【イオニュースPICK UP】無年金問題、早期の解決をー社会保障審議会あてに要望書提出
広告
在日外国人無年金問題解決へ向けて8月1日、「年金制度の国籍条項を完全撤廃させる全国連絡会」(以下、連絡会)ら4団体が連名で厚生労働省に要望書を提出した。要望書は年金制度改正を議論する社会保障審議会の年金部会宛てとなっている。
この日、連絡会代表の李幸宏さん(64)ら無年金当事者と支援者が東京都千代田区の参議院議員会館を訪れ、厚労省の担当者に要望書を手渡した。立憲民主党の打越さく良参議院議員が同席した。
李さんらは、日本の難民条約批准によって1982年、国民年金法の国籍条項は形式的には削除されたが、無年金が生じないために必要な経過措置を欠いたため、多くの外国人が無年金を余儀なくされ、そのほとんどが旧植民地出身者である在日朝鮮人だと指摘。負担と権利の公平さを目標に、年金のあり方を審議し答申を出している社会保障審議会が在日外国人無年金問題を取り上げ、政府に対して早期の解決を提言するよう求めた。具体的には、①1962年1月1日以前に生まれた在日外国人の障がい者に対して障害基礎年金を支給すること、②1926年4月1日以前に生まれた在日外国人の高齢者に対して老齢福祉年金を支給すること、③上記①②が年金制度内で対応できないならば、年金制度外で同等の額の何らかの給付制度をつくること、の3点を政府答申に加えるよう要望した。厚労省の担当者は、「持ち帰って年金局内で検討する」とした。
要望書提出後、記者会見が行われた。
福岡県出身の在日朝鮮人3世である李幸宏さんは2歳のころにポリオに感染し、その後遺症のため車いすで生活している。李さんによると、無年金当事者が社会保障審議会の年金部会に要望書を出すのは今回が初めて。
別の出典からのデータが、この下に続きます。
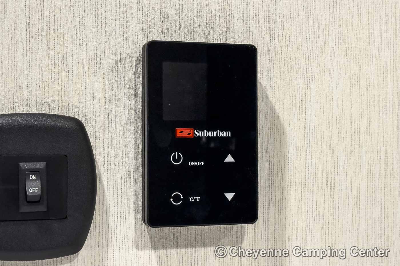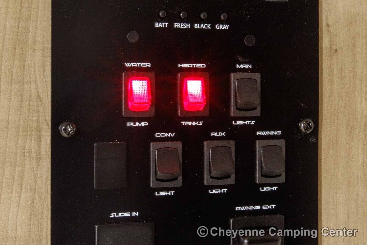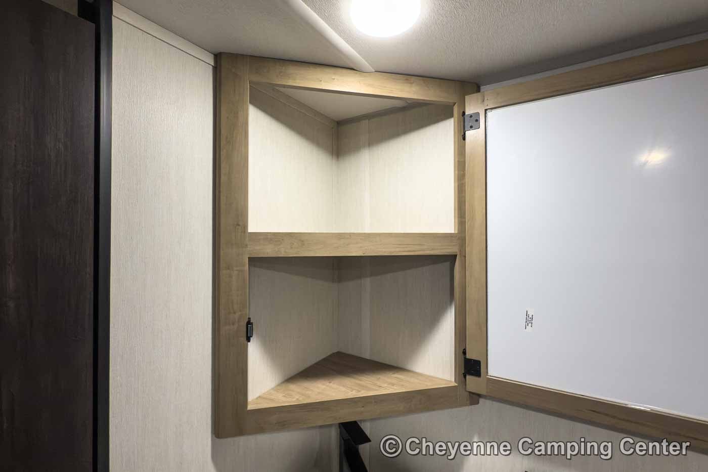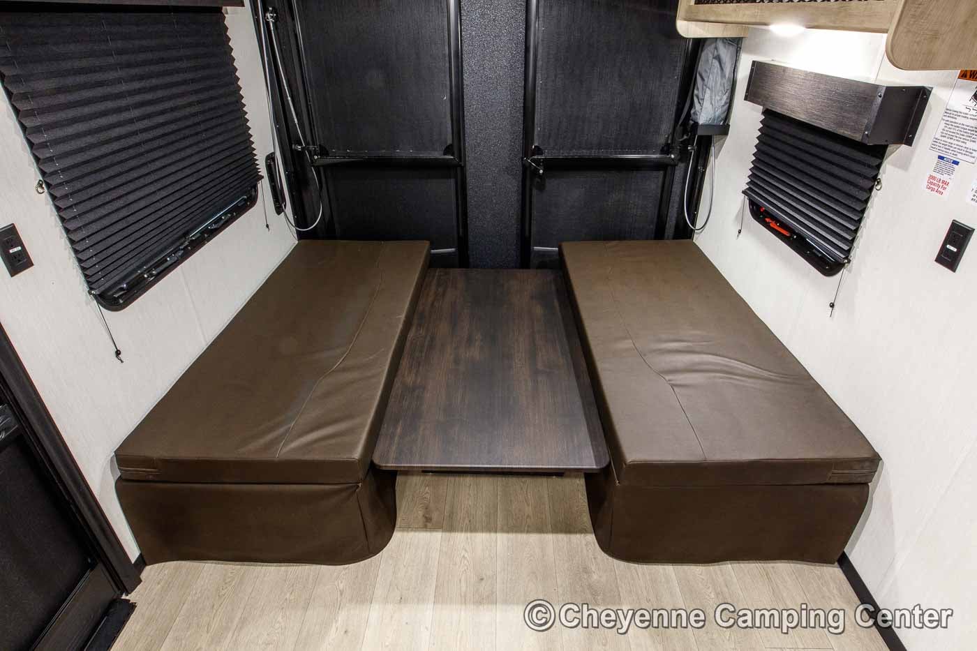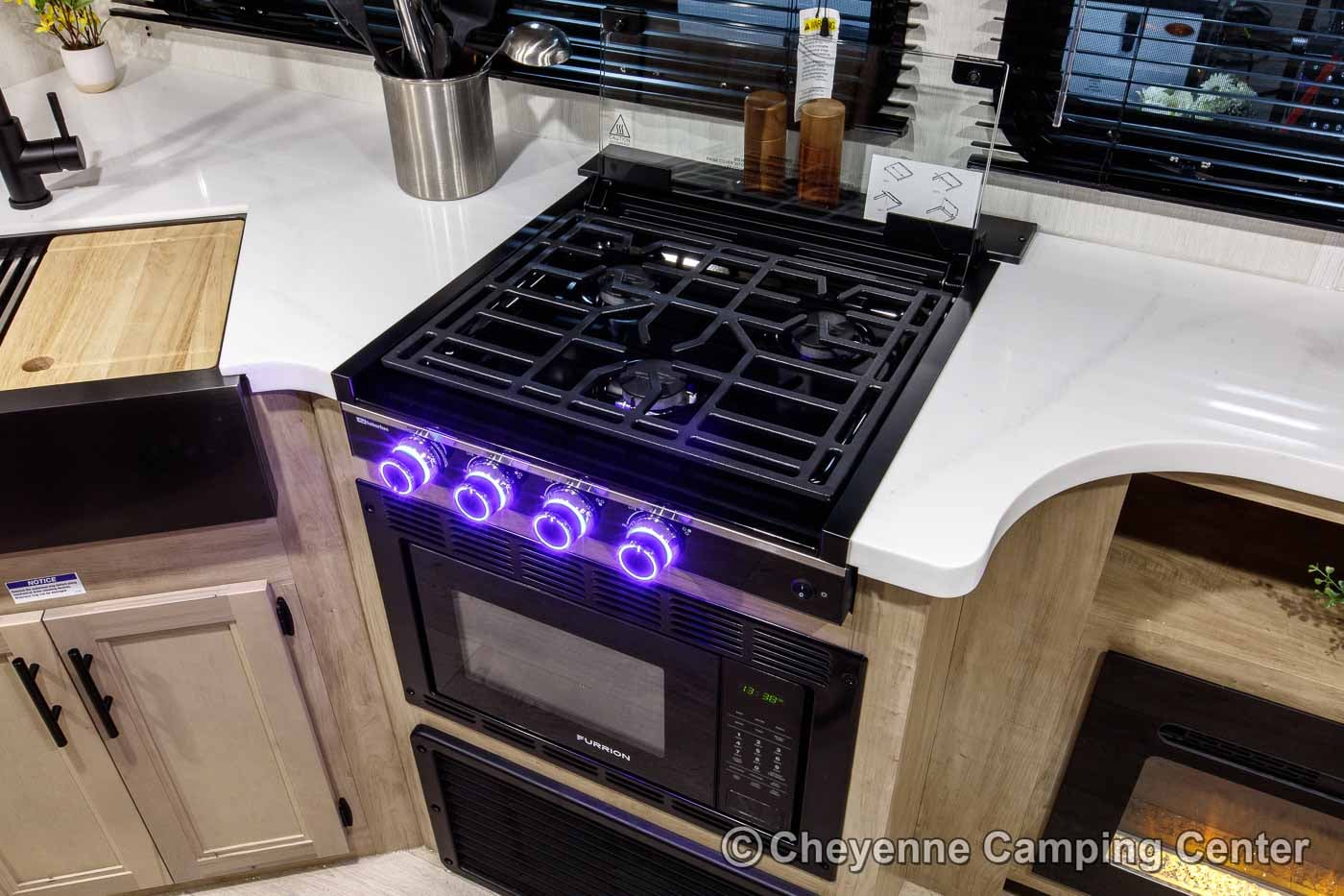 You’ll have premium features like a 15K BTU ducted air conditioner, tankless water heater, pleated window shades, a Bluetooth media receiver, and an electric fireplace. The spacious kitchen offers a large pantry and a 10 cu. ft. refrigerator, a microwave/convection oven with air fryer, an LP gas cooktop, and solid surface countertops.

在日外国人の無年金問題は1998年以降、審議会では一切議論されていない。年内に開催される次回の年金部会でこの問題を審議事項に含めてほしいというのが当事者側の要望だ。
在日外国人の無年金問題は1959年の国民年金法の制定にさかのぼる。当時は加入者を日本国籍者に限る「国籍要件」があった。その後、日本が難民条約を批准したことにともない、国籍条項は82年に撤廃。在日外国人の国民年金への加入が義務化された。しかし、障害基礎年金に関していうと、国籍条項撤廃の時点で20歳以上だった障害者らが受給の対象外となった。国民年金に未加入だったため障害基礎年金を受け取れない障害者を救済する「特定障害者給付金支給法」が2005年に施行されたが、在日外国人は救済対象とならず。同法の附則第2条には、「日本国籍を有していなかったため障害基礎年金の受給権を有していない障害者その他の障害を支給事由とする年金たる給付を受けられない特定障害者以外の障害者に対する福祉的措置については、国民年金制度の発展過程において生じた特別な事情を踏まえ、障害者の福祉に関する施策との整合性等に十分留意しつつ、今後検討が加えられ、必要があると認められるときは、その結果に基づいて所要の措置が講ぜられるものとする」とある。しかし何の措置も講じられないまま約20年が経過した。
これまで無年金当事者とその支援者らは厚労省への陳情、裁判所への提訴、外務省、ジュネーブの国連人権条約機関への訴え、当事者が暮らす自治体への要請などを積み重ねてきたが、いまだ解決にいたっていない。
今年5月30日の参院厚生労働委員会では、今回の要望書提出に同席した打越議員が質疑に立ち、武見敬三厚生労働大臣に在日外国人無年金者の救済を求めた。しかし武見大臣は、「特別給付金支給法の検討規定も踏まえて、慎重な検討が必要であると考えている」と従来の答弁を繰り返した。
「慎重な検討を何十年続けているのか。政府がしっかりと決断しなくてはいけないことにもかかわらず、当事者が苦しいたたかいを強いられている」。要望の場に同席した打越議員は国の姿勢に疑問を投げかけた。
「困っている人たちのためにもきちんと対応してほしい」「私の妻は年金をもらえていない。何とかしてほしい」「生活ができず、生活保護を受給しながら暮らす当事者も相当いる。このまま問題が放置されるのは腹が立つ思いだ」。要望の場で発言した当事者たちが問題解決の切実さを訴えた。